▶ [PROBLEM]: After locating the line with "令和7年 吉田神社初午祭奉納演武会 2025年02月11日", set down that line and all the lines that follow it, unchanged, to the end of the records; omit the pictures.

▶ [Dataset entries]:
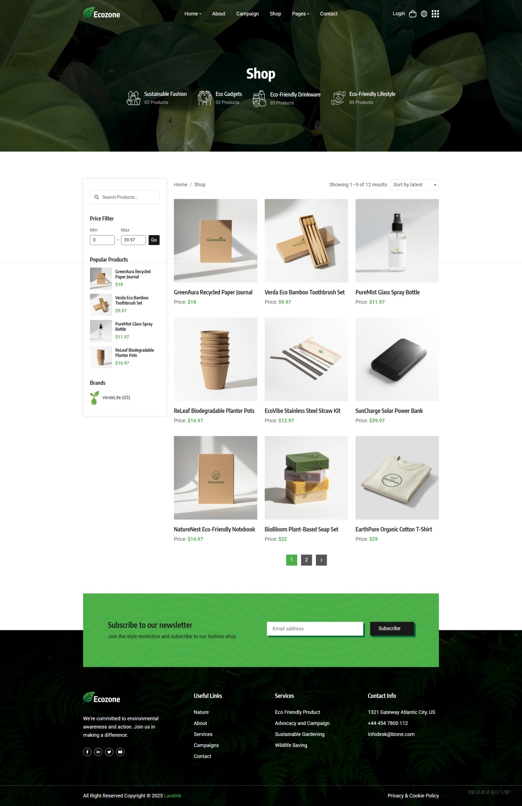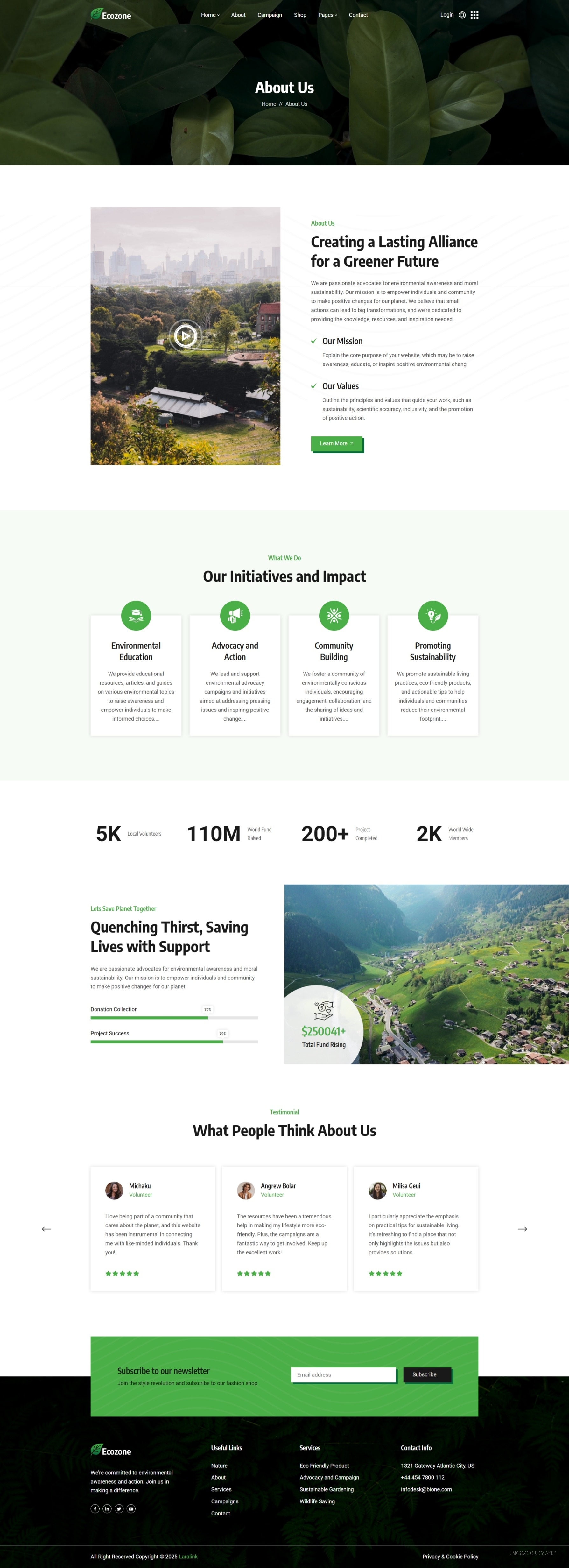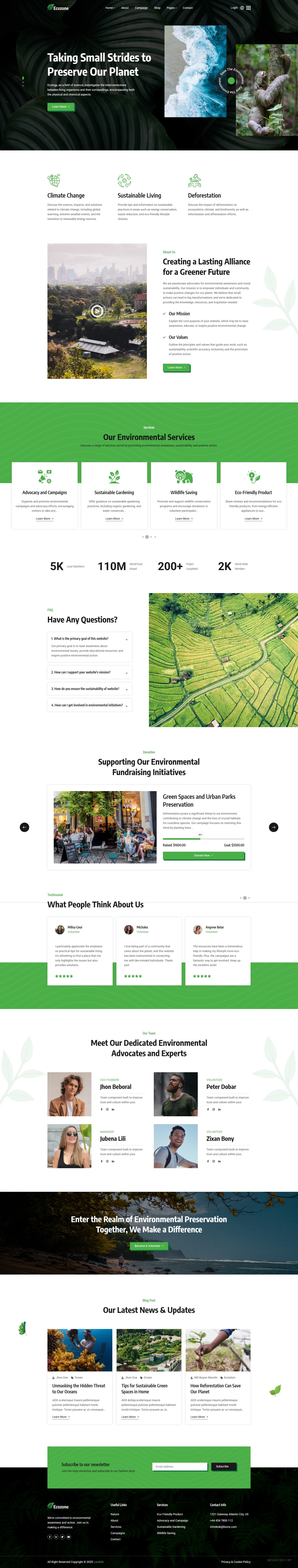 Welcome to the future of Ecology & Environment website! Our cutting-edge Ecology & Environment Laravel site is a powerhouse built with the latest technologies, including Laravel, React, MySQL and LaraBuilder live page builder. Designed specifically for Ecology, Environmental projects, Non-profit organizations, Nature, Animal, Recycling, Agriculture, Ocean Life, Charity, Donation, Campaigning, Climate Change, Green initiatives and much more.
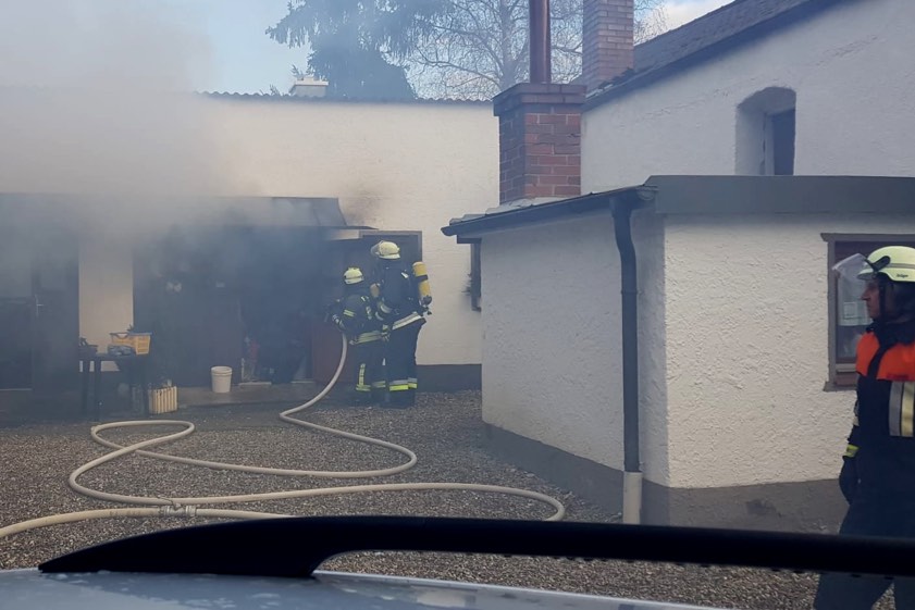 In einem Nebengebäude geriet ein Wohnzimmer in Flammen. Ursache war offenbar ein alter Holzofen. Verletzt wurde niemand.
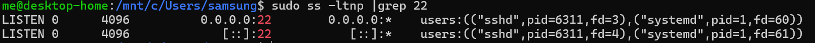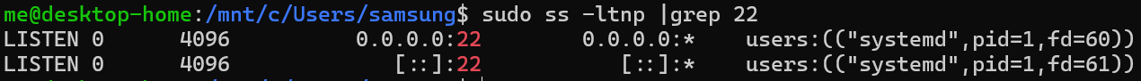 ❯ netstat -ano | findstr 2222
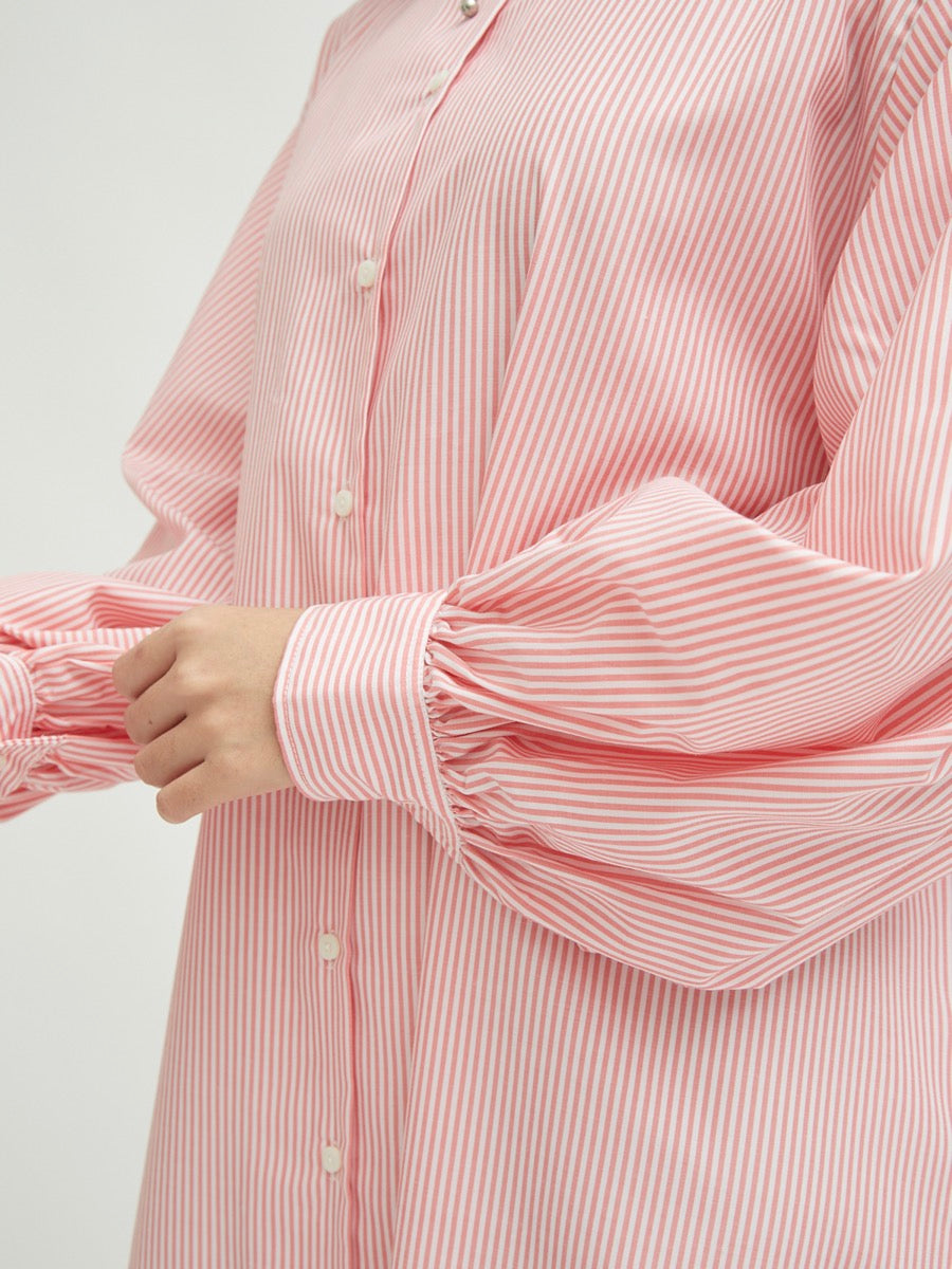 Dress wanita lengan panjang ini didesain dengan siluet maxi dan full kancing di bagian depan. Memiliki kerah bulat dengan motif stripe. Terdapat aksen balloon sleeves sehingga menciptakan look yang elegan. Cocok dikenakan untuk acara formal maupun non formal dan juga dapat dikenakan sebagai outer.
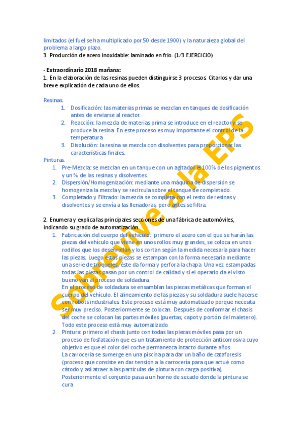 Manufacturing procedure (examenes solucionados)
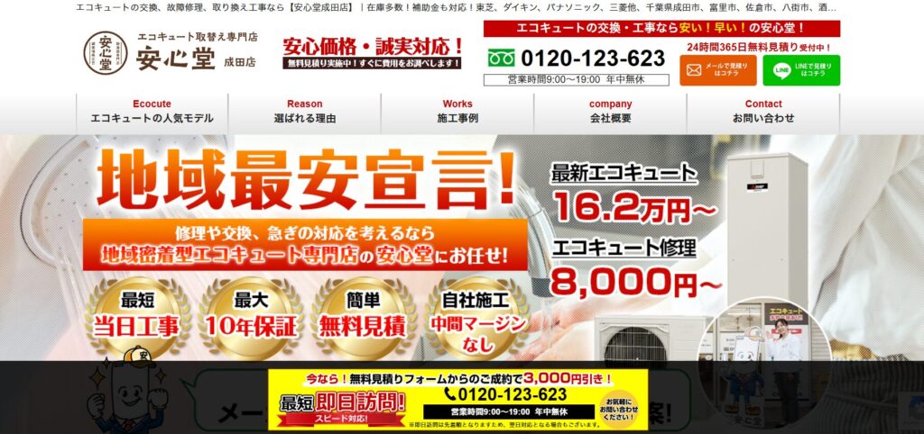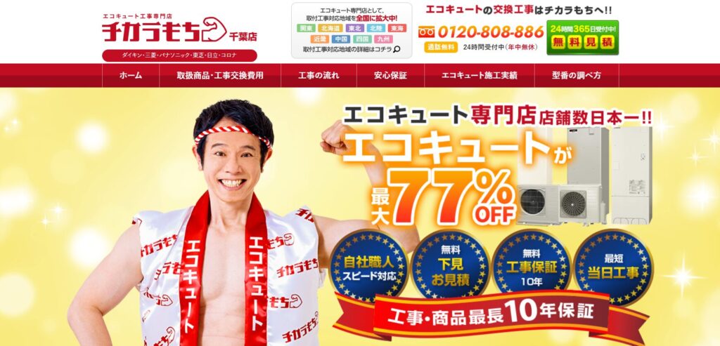 関東、東北、中部、近畿と全国19都道府県で展開しており、佐倉市内エコキュート交換業者の中でもトップクラスの低価格帯を実現しています。
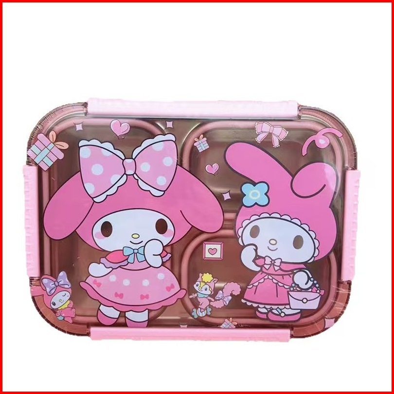 Koleksi Seribu .plume-kotak Bento Sanrio Kuromi Stitch Kotak Makan Sanrio 4 Sekat Sus 304 Anti Campur Bpa Free Berkualit
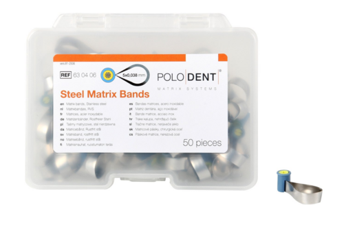 Dubbelkonturerade anatomiskt formade matrisband, vinklade för enkel anpassning. Stabila och konstruerade för att förhindra glidning. Rostfritt stål.
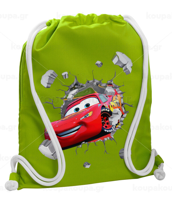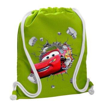 Brick McQueen, Backpack bag GYMBAG LIME GREEN, with pocket (40x48cm) & thick cords
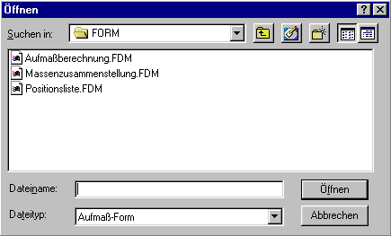 Nach dem Öffnen der Listbox (Dateityp) können Sie die bestehenden Formulare: Reporte (Listen, vorherige Abbildung), Projekte (Dokumenten)-Formulare (nachfolgende Abbildung) oder Aufmaßformulare (übernächste Abbildung) anwählen. Je nach Anwahl des Dateityps erscheinen unterschiedliche Bänder-Button, die zur Platzierung auf dem Formular angeboten werden.
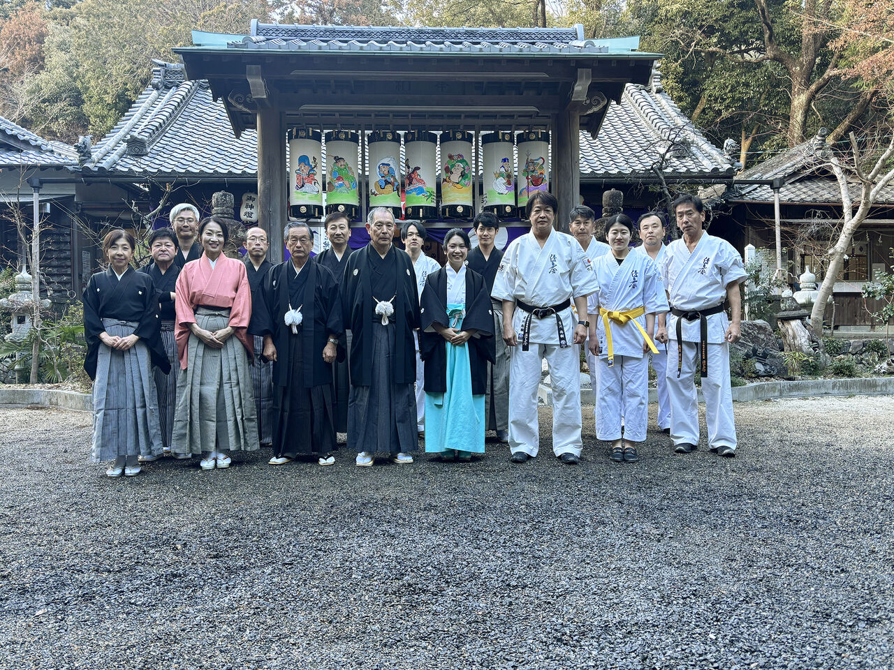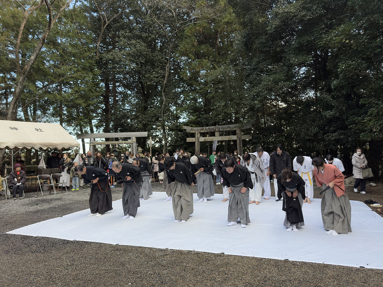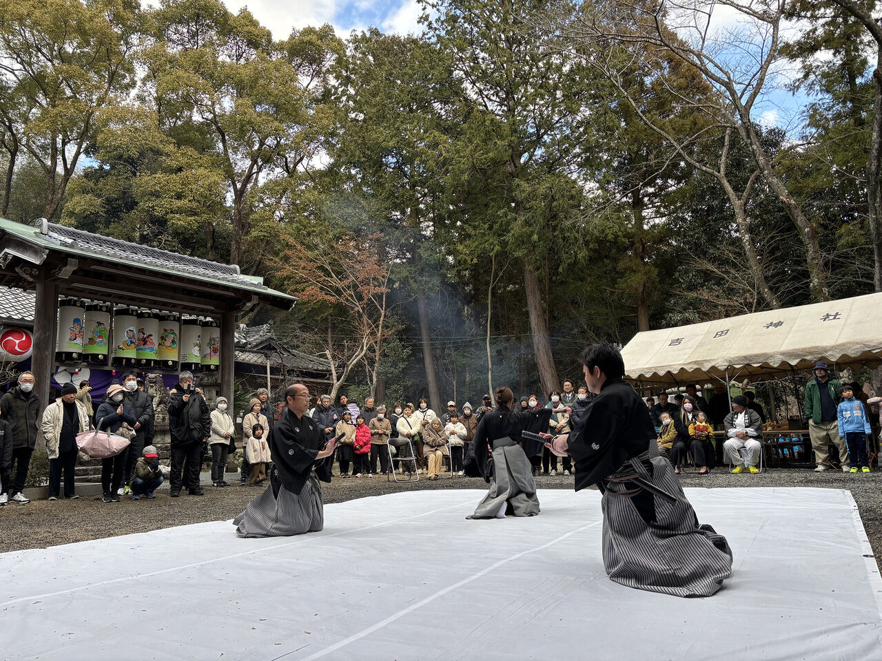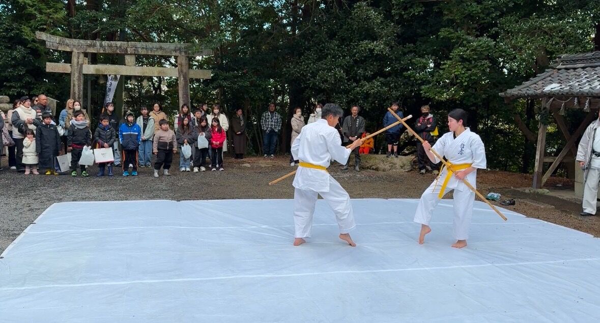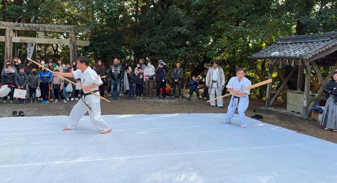 令和7年 吉田神社初午祭奉納演武会 2025年02月11日 昨年に引き続き、新年のご祈祷でお世話になっている四日市市八王子町の「吉田神社」様にて初午祭が開催され、境内で奉納演武を実施したしました。優真会古武道クラスからは、剛柔流の型と武器術、板の四方割り、古川師範の寸勁瓦割を披露。優真会会員も所属する無双直伝英信琉「三重頌風会(しょうふうかい)」からは、居合の型と太刀打ちを披露されました。つい先日積雪に見舞われたため足元の悪い中でしたが、普段の稽古の成果をご覧いただけたのではないでしょうか。お招きいただいた宮司、氏子総代の皆様、誠にありがとうございました。今後ともよろしくお願いいたします。 「活動報告」カテゴリの最新記事 < 前の記事次の記事 > コメント コメントフォーム 名前 コメント 評価する リセット リセット 顔 星 投稿する 情報を記憶
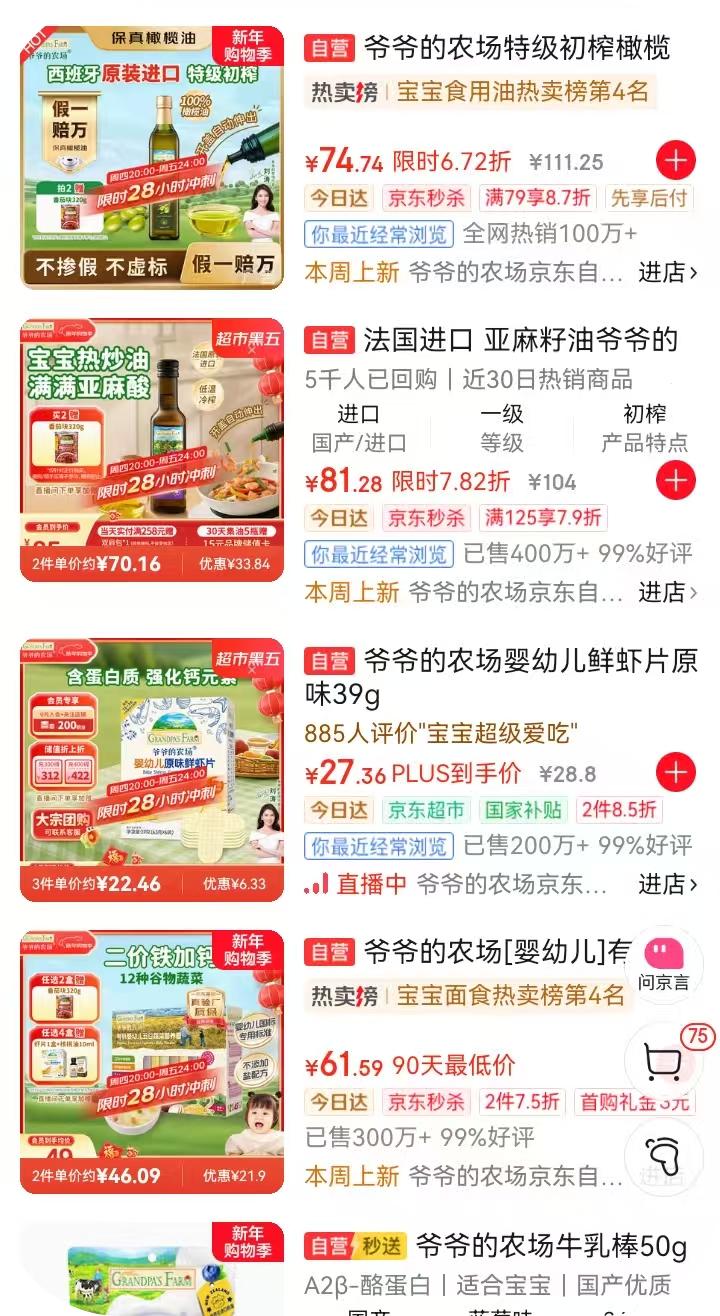 对于大多数宝妈来说,甄别婴幼儿食品的重要指标是价格,同样的商品,价格高的肯定更安全、更健康,价格太低会让人不放心,而爷爷的农场也掐住了宝妈们的心理。

▶ [SOLUTION FOR THIS PROBLEM]:
 令和7年 吉田神社初午祭奉納演武会 2025年02月11日 昨年に引き続き、新年のご祈祷でお世話になっている四日市市八王子町の「吉田神社」様にて初午祭が開催され、境内で奉納演武を実施したしました。優真会古武道クラスからは、剛柔流の型と武器術、板の四方割り、古川師範の寸勁瓦割を披露。優真会会員も所属する無双直伝英信琉「三重頌風会(しょうふうかい)」からは、居合の型と太刀打ちを披露されました。つい先日積雪に見舞われたため足元の悪い中でしたが、普段の稽古の成果をご覧いただけたのではないでしょうか。お招きいただいた宮司、氏子総代の皆様、誠にありがとうございました。今後ともよろしくお願いいたします。 「活動報告」カテゴリの最新記事 < 前の記事次の記事 > コメント コメントフォーム 名前 コメント 評価する リセット リセット 顔 星 投稿する 情報を記憶
 对于大多数宝妈来说,甄别婴幼儿食品的重要指标是价格,同样的商品,价格高的肯定更安全、更健康,价格太低会让人不放心,而爷爷的农场也掐住了宝妈们的心理。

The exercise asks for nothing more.